Task prompt:
For this exercise, return exactly the lines of the material below that begin at the one with "comprando hogar azul" and stop after the one with "- Stackable Chairs: The".

Dataset:
******************************

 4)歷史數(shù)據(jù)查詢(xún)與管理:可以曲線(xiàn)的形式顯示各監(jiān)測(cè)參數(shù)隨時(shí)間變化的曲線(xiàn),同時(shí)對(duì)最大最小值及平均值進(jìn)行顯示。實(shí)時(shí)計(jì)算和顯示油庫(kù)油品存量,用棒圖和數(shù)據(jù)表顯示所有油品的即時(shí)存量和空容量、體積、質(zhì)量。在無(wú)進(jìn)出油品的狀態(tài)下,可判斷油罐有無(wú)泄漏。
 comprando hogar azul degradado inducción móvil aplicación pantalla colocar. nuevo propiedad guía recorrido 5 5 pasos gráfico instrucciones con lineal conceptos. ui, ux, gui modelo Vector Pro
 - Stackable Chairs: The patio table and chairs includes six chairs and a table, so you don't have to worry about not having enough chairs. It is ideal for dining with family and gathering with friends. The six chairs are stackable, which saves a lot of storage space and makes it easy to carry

******************************

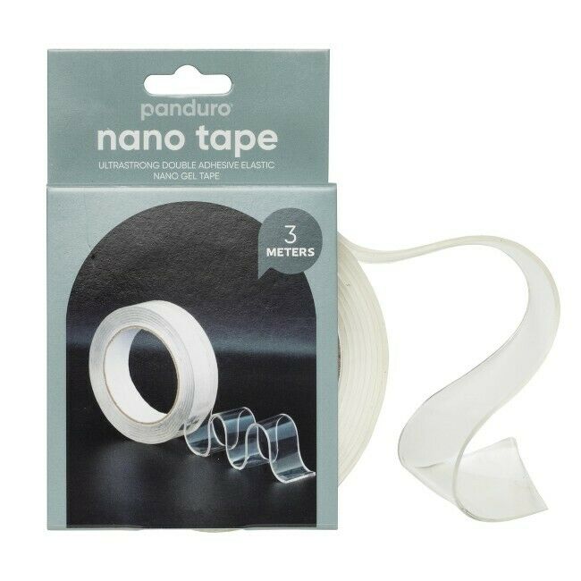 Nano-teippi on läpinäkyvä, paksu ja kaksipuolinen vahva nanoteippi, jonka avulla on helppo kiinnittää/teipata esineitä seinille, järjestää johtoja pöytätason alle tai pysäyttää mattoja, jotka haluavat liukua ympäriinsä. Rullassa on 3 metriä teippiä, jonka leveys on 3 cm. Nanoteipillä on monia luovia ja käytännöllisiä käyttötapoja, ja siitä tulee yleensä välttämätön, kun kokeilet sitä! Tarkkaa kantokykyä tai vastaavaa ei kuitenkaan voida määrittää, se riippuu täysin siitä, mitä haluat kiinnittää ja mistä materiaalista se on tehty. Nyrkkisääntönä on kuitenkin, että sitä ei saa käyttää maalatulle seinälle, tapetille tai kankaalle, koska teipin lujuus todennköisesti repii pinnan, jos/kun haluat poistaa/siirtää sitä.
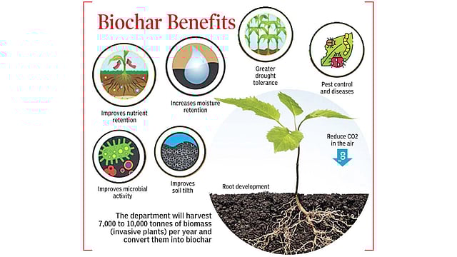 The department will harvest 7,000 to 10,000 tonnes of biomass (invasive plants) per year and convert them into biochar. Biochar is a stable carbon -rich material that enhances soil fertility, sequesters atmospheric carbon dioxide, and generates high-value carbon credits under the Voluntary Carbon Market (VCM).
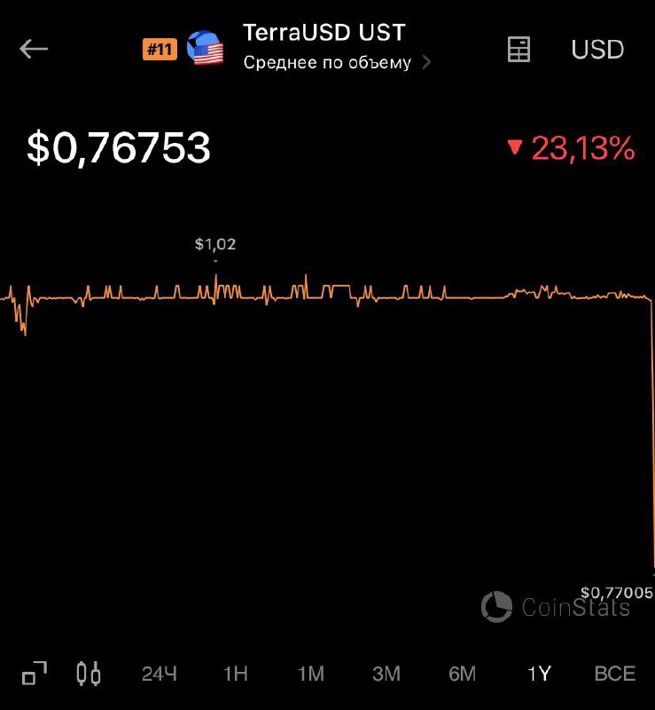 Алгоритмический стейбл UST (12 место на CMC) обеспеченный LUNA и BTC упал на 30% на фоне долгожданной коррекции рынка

******************************

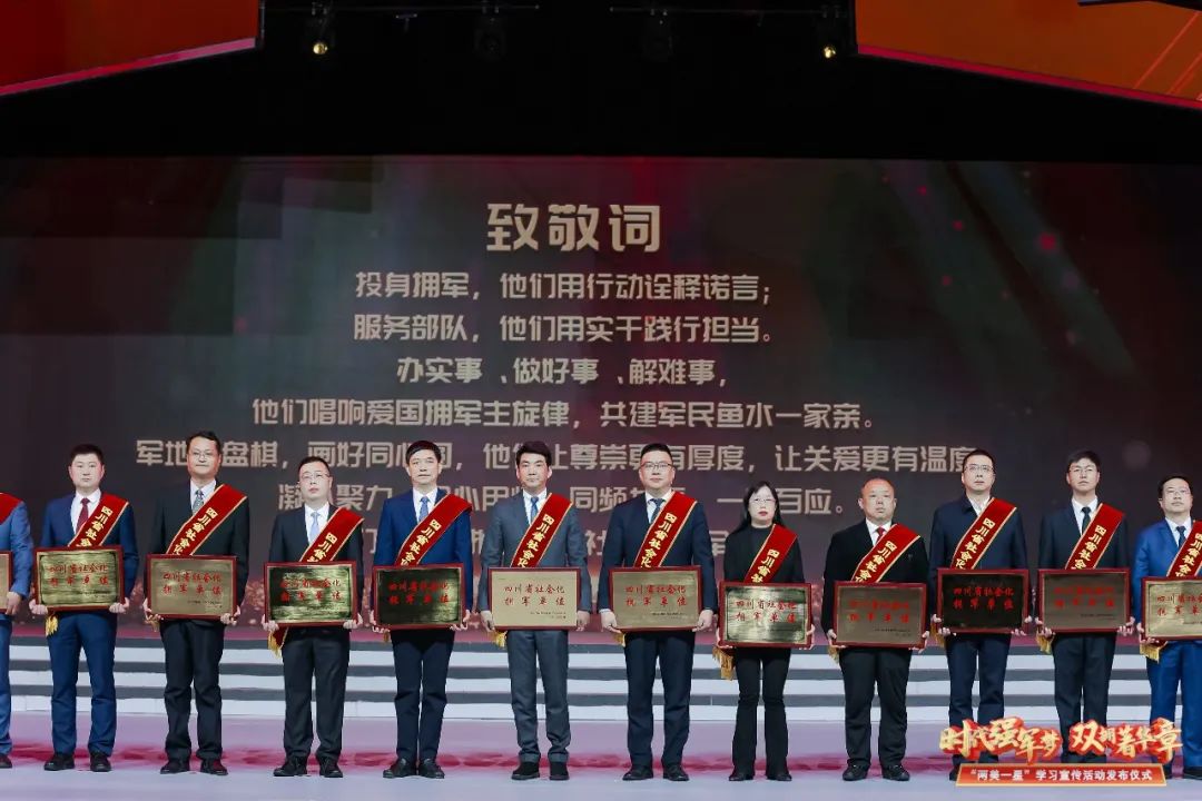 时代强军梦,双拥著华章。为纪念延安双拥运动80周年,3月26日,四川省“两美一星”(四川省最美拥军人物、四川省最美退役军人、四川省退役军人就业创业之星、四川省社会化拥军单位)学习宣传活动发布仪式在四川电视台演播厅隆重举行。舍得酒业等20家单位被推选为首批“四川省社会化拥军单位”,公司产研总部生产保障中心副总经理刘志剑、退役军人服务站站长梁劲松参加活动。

******************************

Solution to the problem:
 comprando hogar azul degradado inducción móvil aplicación pantalla colocar. nuevo propiedad guía recorrido 5 5 pasos gráfico instrucciones con lineal conceptos. ui, ux, gui modelo Vector Pro
 - Stackable Chairs: The patio table and chairs includes six chairs and a table, so you don't have to worry about not having enough chairs. It is ideal for dining with family and gathering with friends. The six chairs are stackable, which saves a lot of storage space and makes it easy to carry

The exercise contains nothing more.